Dill doesn’t know what Ronnie would do, she said. Maybe he’d move back to Indianapolis, she thinks. He was always sick of mowing the grass.
She’s made up her mind, though. She couldn’t sell the house now if she tried, she said. She’s staying, anyway.
Dill said she’s heard a lot of rumors about the data center, and she doesn’t know what to believe. Her worries, like the rumors, are piling up. She worries the data center will emit fumes that damage her trees or trigger her asthma. She worries about the electricity use. She worries about the noise from the data center’s operation.
Around the end of February, earthmovers started shifting dirt in the fields by her house, Dill said. The machines vibrate the earth to make it easier to move.
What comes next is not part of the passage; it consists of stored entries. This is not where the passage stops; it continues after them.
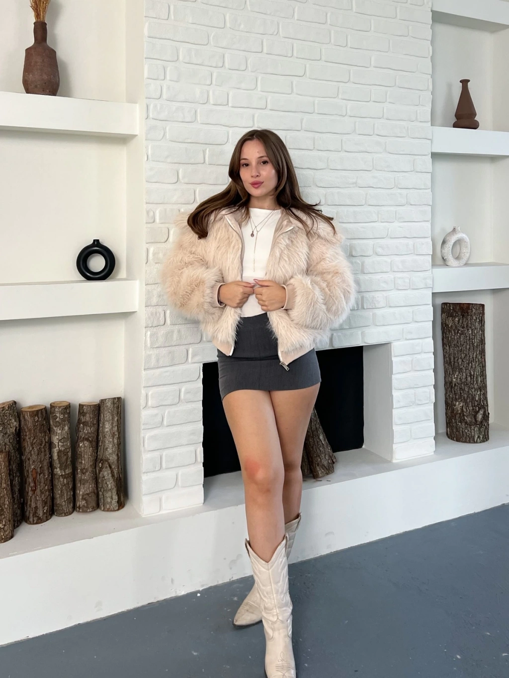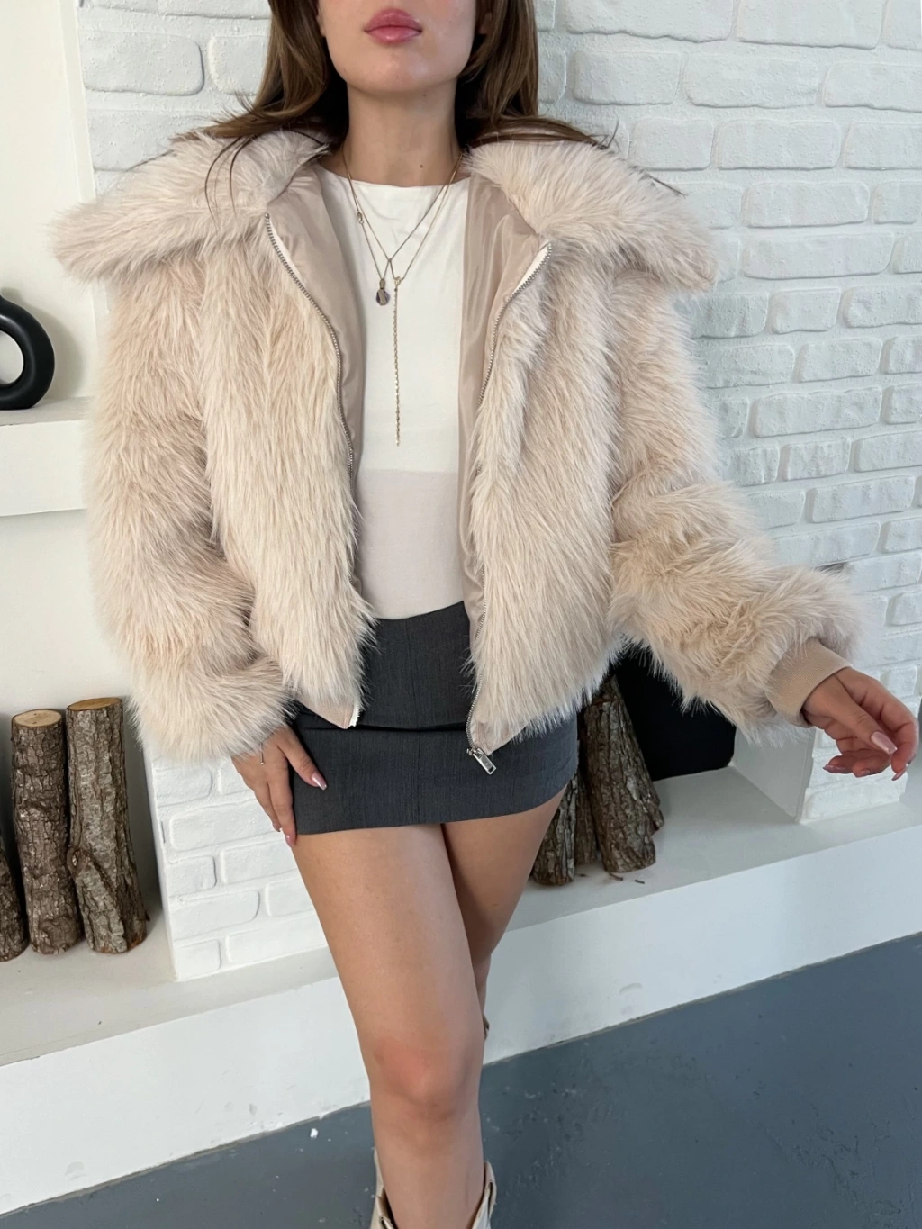 Kruvaze Yaka Cepli Kısa Kaşe Ceket Kahve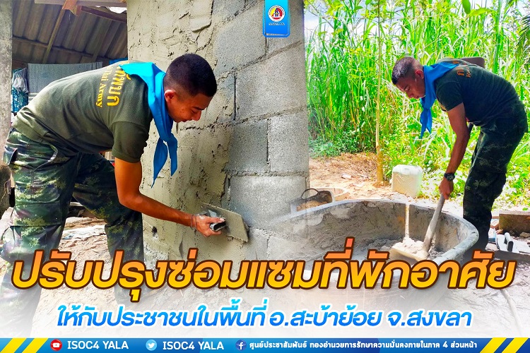 เจ้าหน้าที่ทหารจากหน่วยเฉพาะกิจสงขลาที่ 40 ดำเนินการเร่งปรับปรุงซ่อมแซมที่พักอาศัย ณ บ้านเลขที่ 13 หมู่ที่ 2 บ้านปลักบ่อ ตำบลสะบ้าย้อย อำเภอสะบ้าย้อย จังหวัดสงขลา ให้กับประชาชนที่ได้ผ่านการพิจารณาจากสภาประชาธิปไตยตำบลสะบ้าย้อย ห้วงปีงบประมาณ 2565 ในการช่วยเหลือประชาชนที่มีจิตอาสาเสียสละเพื่อสังคมและมีความยากลำบาก เหมาะสมที่จะได้รับการช่วยเหลือ สร้างขวัญกำลังใจ เพิ่มพูนความสุข และยกระดับคุณภาพชีวิตแก่ประชาชน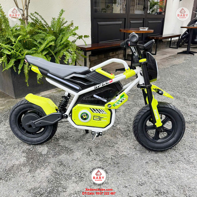Xe cào cào điện trẻ em 24V, MG 2028 được thiết kế kiểu xe mô tô phân khối lớn cào cào, hầm hố, mạnh mẽ, nhưng nhỏ gọn, thích hợp cho bé dưới 70 kí, xe hoạt động tốt nhất với bé 20-30 kg, hoặc từ 7 đến 15 tuổi, chế độ tự lái cho bé, giúp bé chơi vui hơn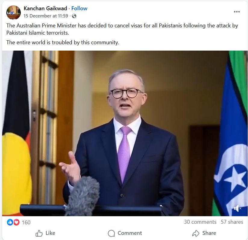 A video depicting a press conference by Australian Prime Minister Anthony Albanese is viral in which he apparently announces the cancellation of all Pakistani visas following the terror attack at Bondi Beach.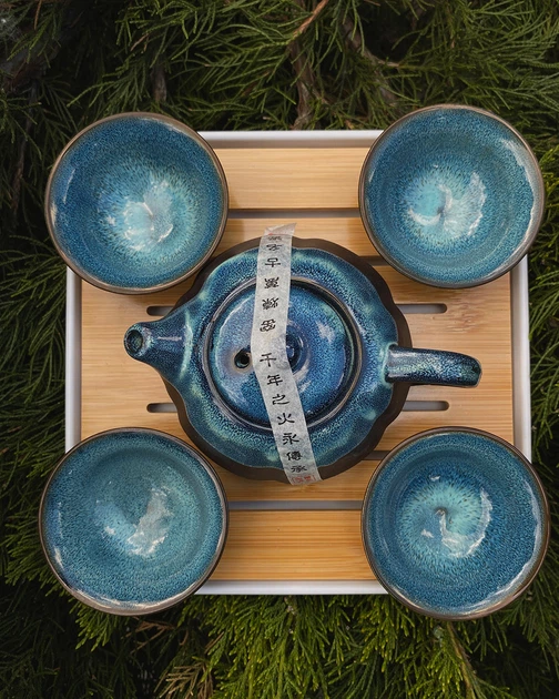 Чайний набір у коричневому кейсі (10 предметів) - темно-синя кераміка з принтом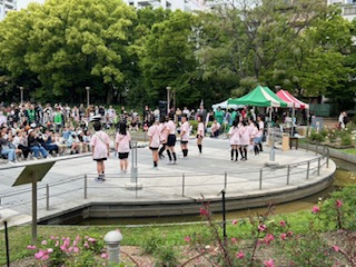 ?本日、靱公園で開催されたバラ園コンサートに、本田小学校の和太鼓クラブとなわとびクラブの児童が出演しました。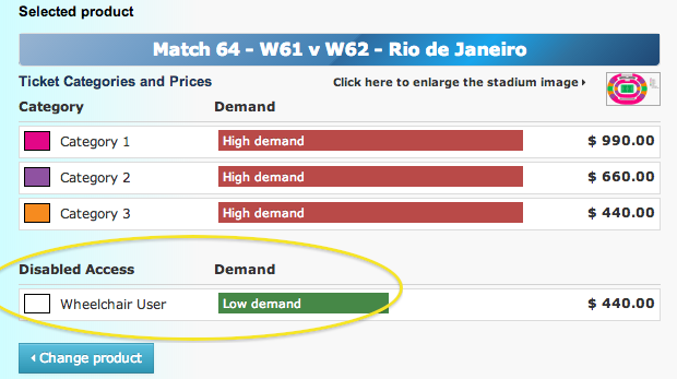 カテゴリー1, 2, 3とは異なり、チケット売れ行きが若干鈍かったそんな車椅子座席だが、今大会ではちょっとした問題が起きているようだ。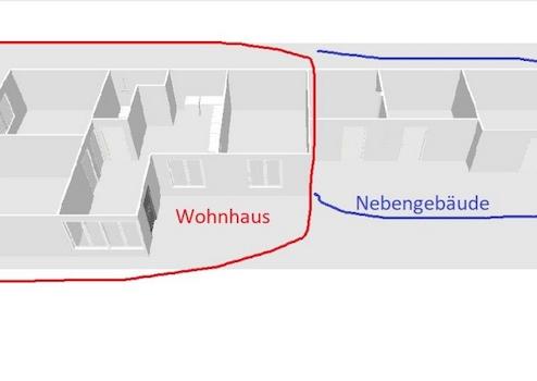 Haupthaus mit 80 m2 Wohnfläche, mehrere kleine Nebengebäude sowie 3500 m2 Grundstück.

When they vibrate, Dill said, her house shakes with them.
Meanwhile, trucks have been moving up and down the two-lane road beside the data center campus. They make a ruckus, Dill said, but she’s starting to learn to sleep through the noise.
“My bedroom's on the outside wall,” she said. “I hear it all. They start early.”
In the woods behind her house, purple wildflowers line the paths where she and Ronnie used to walk. Her husband's old tree stand is starting to fall apart. Planks and boards are missing from the walls, the nails exposed to air. Parts of the floorboards are starting to crumble.
Two blue plastic chairs sit at the top. One has fallen on its side. The other faces north, into the trees. Through the canopy, past the fence outlining Project Louie, churned-up dirt piles up in the fields.
Past that, trailers and excavators are crowded up in rows.